Within forests, there’s also the matter of endangered species, and the countless missions—Save the Tigers, Save the Rhinos, Save the Pandas—dedicated to preventing the ‘sixth mass extinction’. But has there been any success?

Though tigers face huge pressures from hunting and habitat encroachment, tiger numbers have made a remarkable comeback. From the 2010 estimate of 3,200, their numbers have gone up to about 3,900 in 2016. The numbers have come primarily from new surveys in India, Russia, Nepal, Bangladesh and Bhutan. The mark of 3,900 tigers is the halfway point of the Tx2—a project set by the governments of 13 tiger range countries to double the population of tigers in the wild by 2022. Interestingly, the World Wildlife Fund website for the Tx2 project emphasises that they are not ‘saving the tigers’—“Tx2 uses a strategic, long-term approach", which is a much more efficient strategy than saving individual animals at a state or country level.

Giant Pandas were classified as endangered in 1996. But as of 2015, its status has moved to the safer vulnerable, according to the International Union for Conservation of Nature (IUCN) Red List. In 2020, IUCN even reported that there is “cautious hope" for African Black Rhinos, whose numbers in the wild have grown from 4,845 to 5,630 between 2012 and 2018.

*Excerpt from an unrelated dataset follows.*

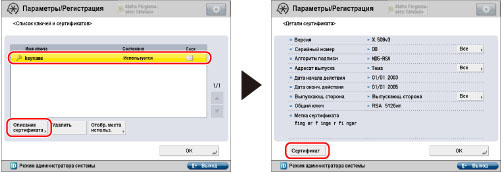 Os pares de chaves para os quais aparece a opção "Utilizd " em <Estado> não podem ser apagados porque estão a ser utilizados com a autenticação IEEE802.1X/IPSec ou porque o SSL está programado para "Ligado". Carregue em [Mostrar local de utilização] para verificar o tipo de segurança para o qual está a ser utilizado o par de chaves. Para apagar um par de chaves que está a ser utilizado apenas com o SSL, especifique as seguintes programações para "Desligado". Um par de chaves que esteja a ser utilizado para autenticação IEEE802.1X/IPSec não pode ser apagado.

The Manatee, Grey wolf, Grey whale, Snow Leopard, Humpback whale, Steller Sea Lion, Yellowstone Grizzly bear, Red Kangaroo, Southern white rhinoceros, Arabian oryx (that was incidentally once reported extinct)—these are a few of the species that have bounced back and are no longer classified as endangered. Across the world, efforts being taken to preserve wildlife and biodiversity are working.

It’s no secret that the environment has been ‘suffering’—it’s one of those evergreen news pieces that you can never escape, if only because there is some truth in them. But once in a while, we must see whether the efforts being taken are really helping. We have to look at the results, and if they are good, we can give ourselves a pat on the back before plunging back into conservation efforts and campaigns.

Things can be bad, yes—but they can also be getting better.

The author is a 12th grade student in Bangalore, India.